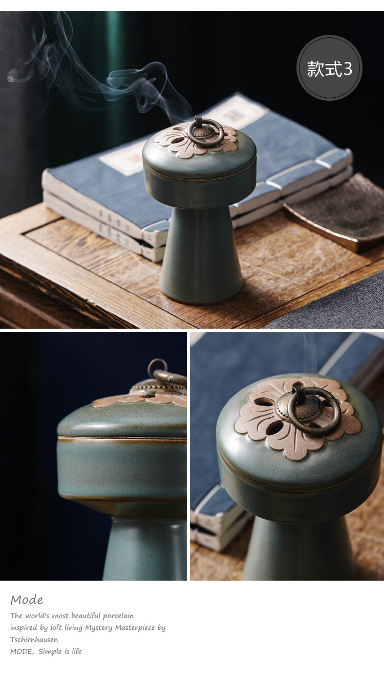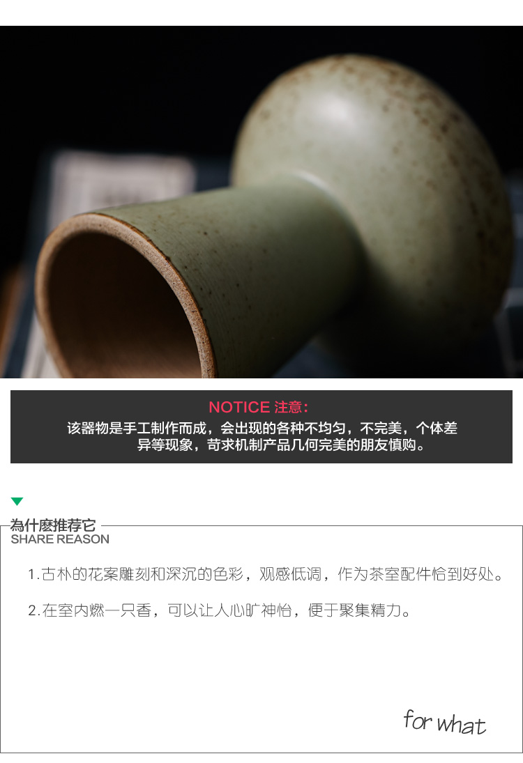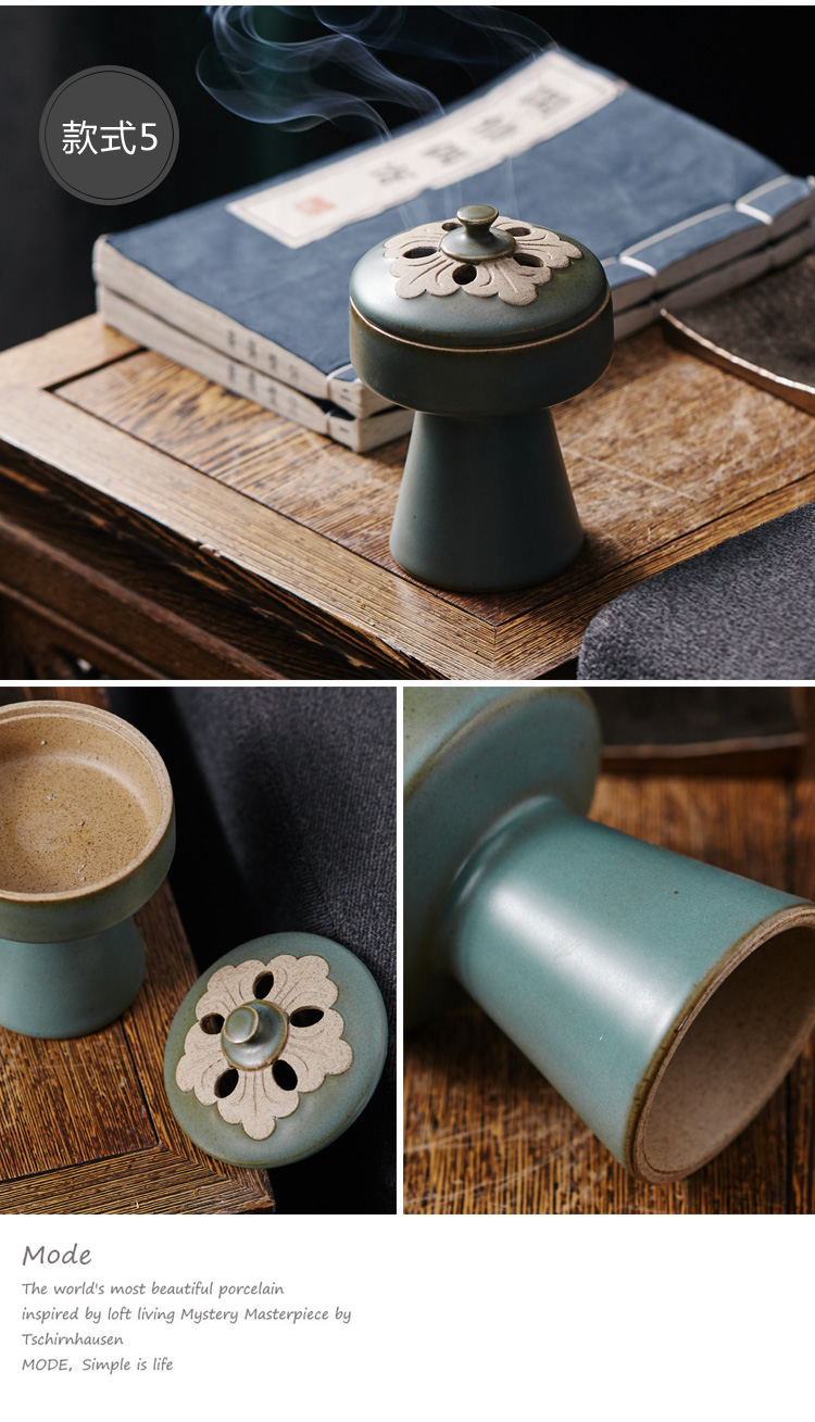 日式立座小香爐陶瓷茶道擺件 香薰爐檀香沉香仿古焚香爐1入
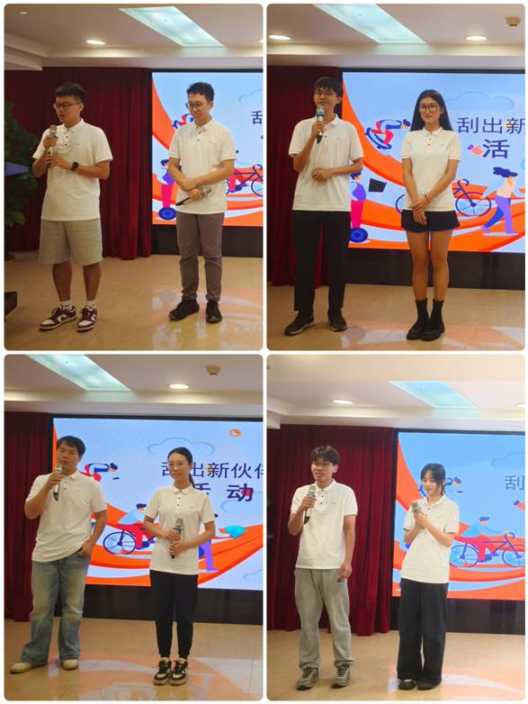 活動以趣味性的刮卡形式,隨機將新員工兩兩配對結成“上班搭子”。結對成功的伙伴們攜手登臺,或進行風趣幽默的自我介紹,或分享工作小趣聞,瞬間拉近了彼此的距離,現場掌聲與笑聲不斷。
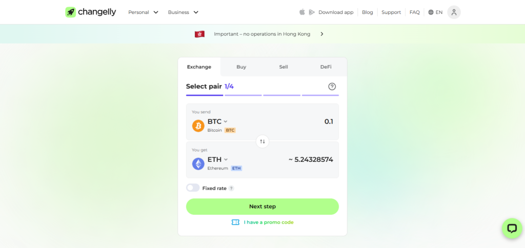 Changelly stands out as one of the best alternatives to CoinSwitch Kuber because it allows quick and easy crypto-to-crypto exchange without account registration.
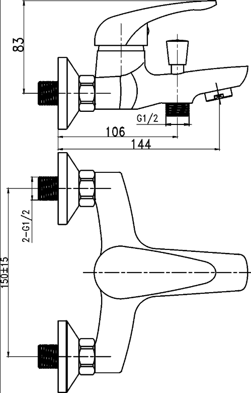 Vanová nástěnná baterie s roztečí 150 mm a kovovým aretačním přepínačem.
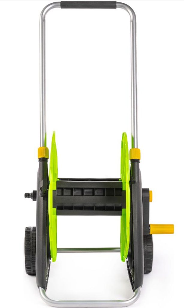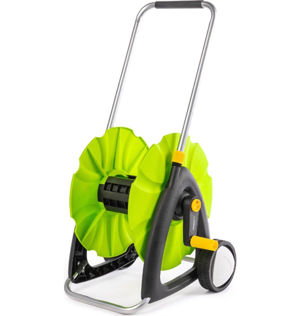 Buben je vyroben z odolného plastu s ochranou proti UV záření, díky čemuž vydrží i náročnější podmínky a intenzivní sluneční svit. Stabilní opěrka zaručí, že se vozík při manipulaci nehne z místa, takže hadici rychle navinete i odvinete.
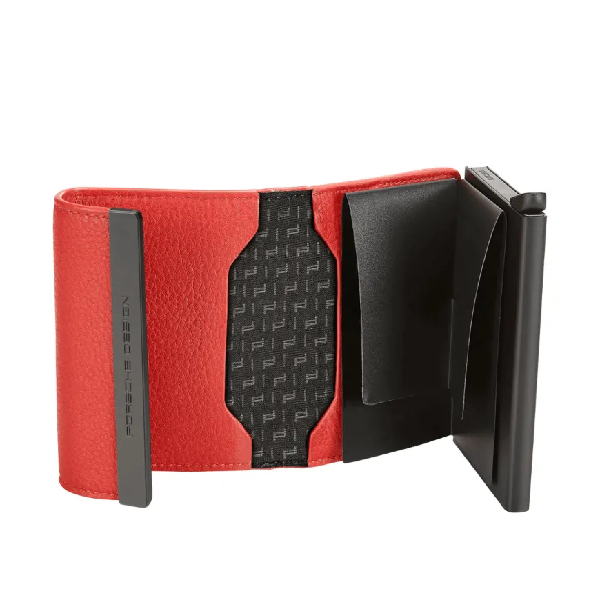 Esclusivo portacarte Porsche Design X Secrid Cardholder. Portatessere in metallo con funzione pop-up e rivestimento in pelle con scomparto per banconote e spazio per sei carte di credito.
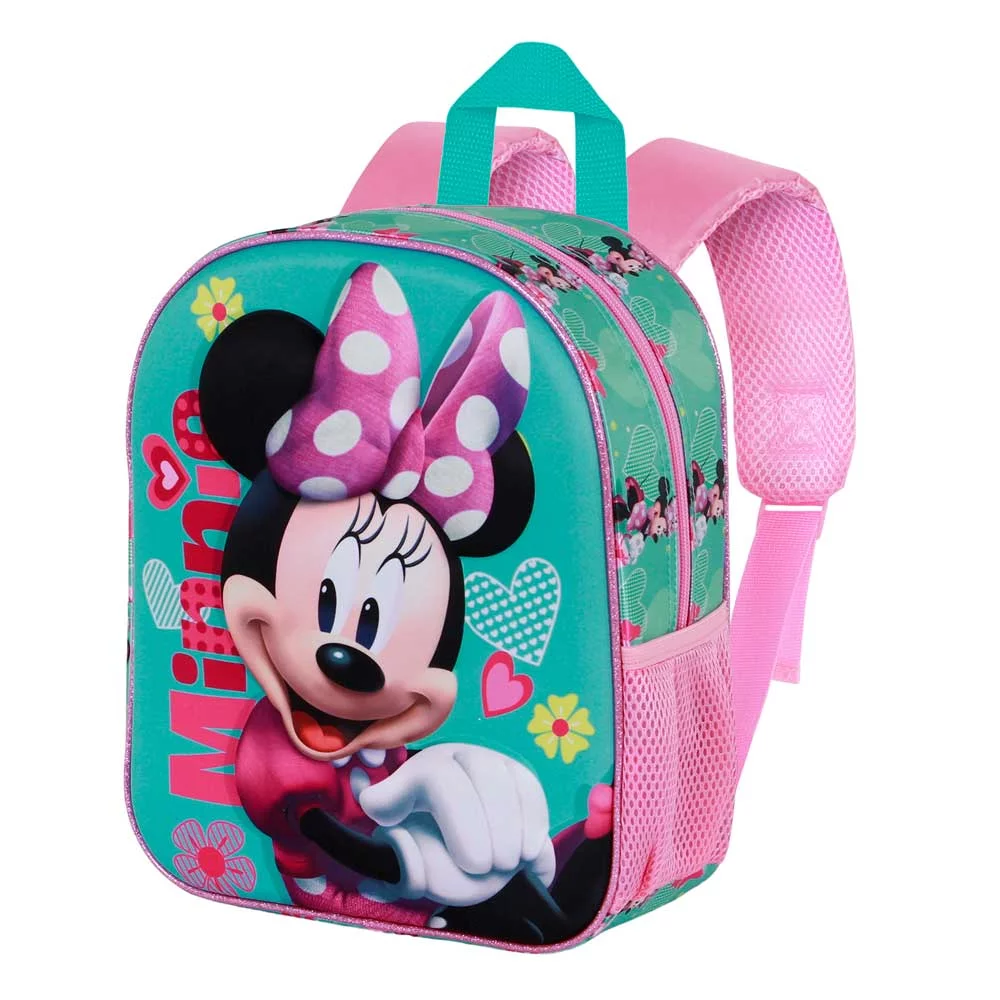 Ghiozdan Disney Minnie Mouse Pose Elite 3D cu design colorat turcoaz și roz, perfect pentru fetițe. Bretele ajustabile matlasate, buzunar lateral din plasă și imprimeu 3D cu personajul Minnie Mouse. Dimensiuni compacte 25×30×10 cm, ideal pentru grădiniță sau plimbări.

•••

# TASK REQUIREMENTS
Please retype the entries above word for word, but only from the line containing "Esclusivo portacarte Porsche" through the last line, and without the pictures.

# YOUR SOLUTION
 Esclusivo portacarte Porsche Design X Secrid Cardholder. Portatessere in metallo con funzione pop-up e rivestimento in pelle con scomparto per banconote e spazio per sei carte di credito.
 Ghiozdan Disney Minnie Mouse Pose Elite 3D cu design colorat turcoaz și roz, perfect pentru fetițe. Bretele ajustabile matlasate, buzunar lateral din plasă și imprimeu 3D cu personajul Minnie Mouse. Dimensiuni compacte 25×30×10 cm, ideal pentru grădiniță sau plimbări.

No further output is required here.